(Task item)
Up to and including the line that holds "Santo Domingo. El", print the data exactly from its first line; do not print the pictures.

(Supplied information)

____

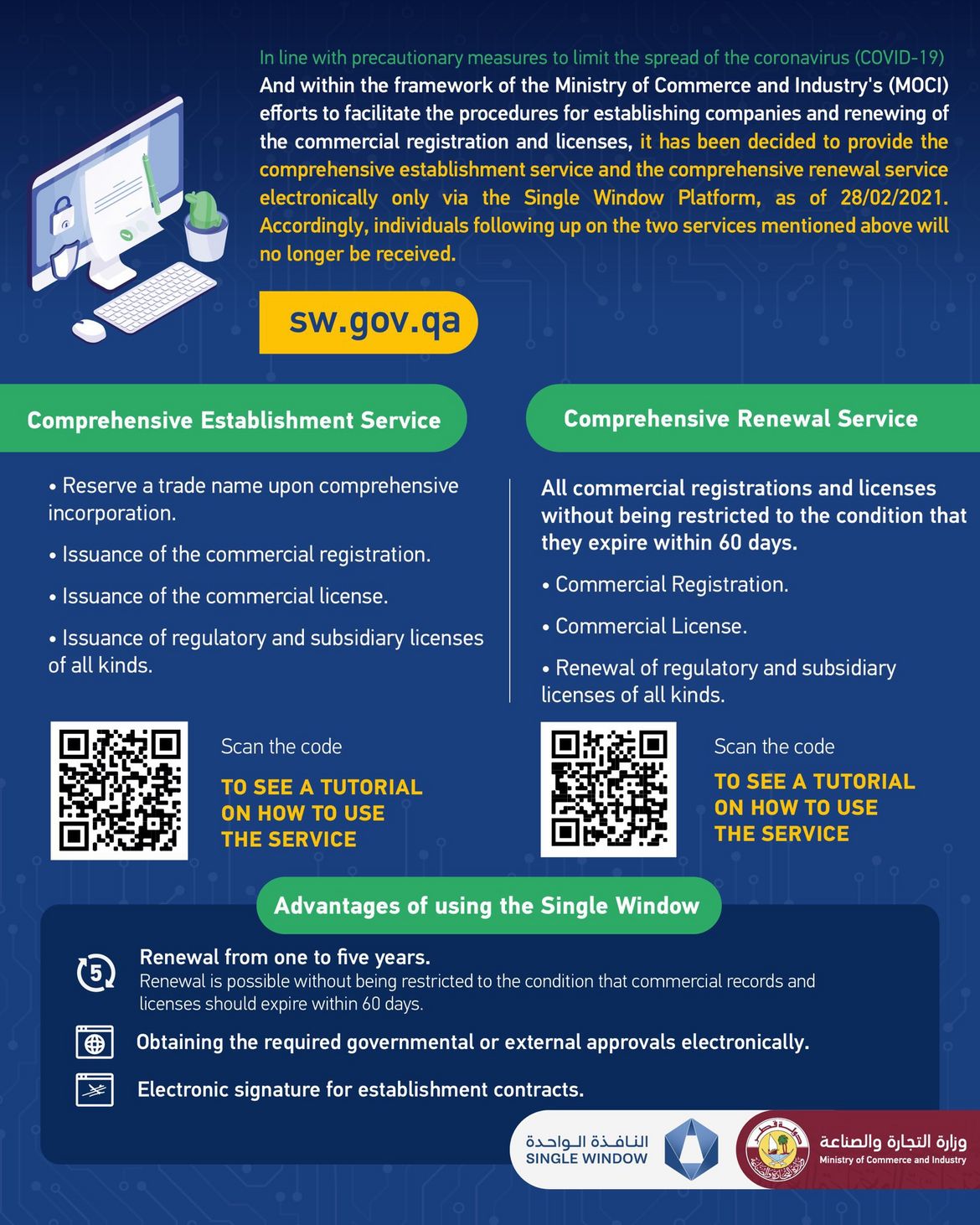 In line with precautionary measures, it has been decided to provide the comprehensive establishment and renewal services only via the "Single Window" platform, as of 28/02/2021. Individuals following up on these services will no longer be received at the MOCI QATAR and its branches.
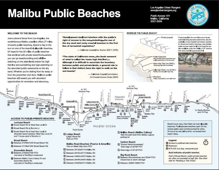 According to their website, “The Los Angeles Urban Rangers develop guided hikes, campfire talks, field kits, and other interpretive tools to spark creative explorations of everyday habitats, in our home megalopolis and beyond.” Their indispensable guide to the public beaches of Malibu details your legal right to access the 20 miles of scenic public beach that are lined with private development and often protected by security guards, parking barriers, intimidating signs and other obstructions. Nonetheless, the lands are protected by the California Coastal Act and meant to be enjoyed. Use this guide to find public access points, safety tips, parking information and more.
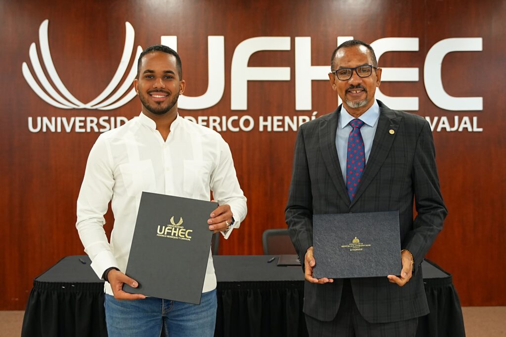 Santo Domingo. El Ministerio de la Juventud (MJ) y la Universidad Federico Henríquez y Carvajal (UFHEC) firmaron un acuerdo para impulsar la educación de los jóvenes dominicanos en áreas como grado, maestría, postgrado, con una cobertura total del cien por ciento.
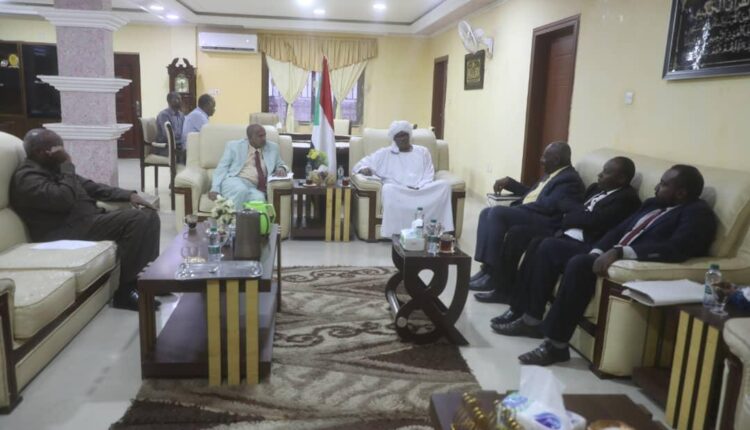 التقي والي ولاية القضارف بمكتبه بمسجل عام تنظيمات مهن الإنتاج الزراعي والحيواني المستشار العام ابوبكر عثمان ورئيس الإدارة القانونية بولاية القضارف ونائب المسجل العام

____

(Final answer)
 In line with precautionary measures, it has been decided to provide the comprehensive establishment and renewal services only via the "Single Window" platform, as of 28/02/2021. Individuals following up on these services will no longer be received at the MOCI QATAR and its branches.
 According to their website, “The Los Angeles Urban Rangers develop guided hikes, campfire talks, field kits, and other interpretive tools to spark creative explorations of everyday habitats, in our home megalopolis and beyond.” Their indispensable guide to the public beaches of Malibu details your legal right to access the 20 miles of scenic public beach that are lined with private development and often protected by security guards, parking barriers, intimidating signs and other obstructions. Nonetheless, the lands are protected by the California Coastal Act and meant to be enjoyed. Use this guide to find public access points, safety tips, parking information and more.
 Santo Domingo. El Ministerio de la Juventud (MJ) y la Universidad Federico Henríquez y Carvajal (UFHEC) firmaron un acuerdo para impulsar la educación de los jóvenes dominicanos en áreas como grado, maestría, postgrado, con una cobertura total del cien por ciento.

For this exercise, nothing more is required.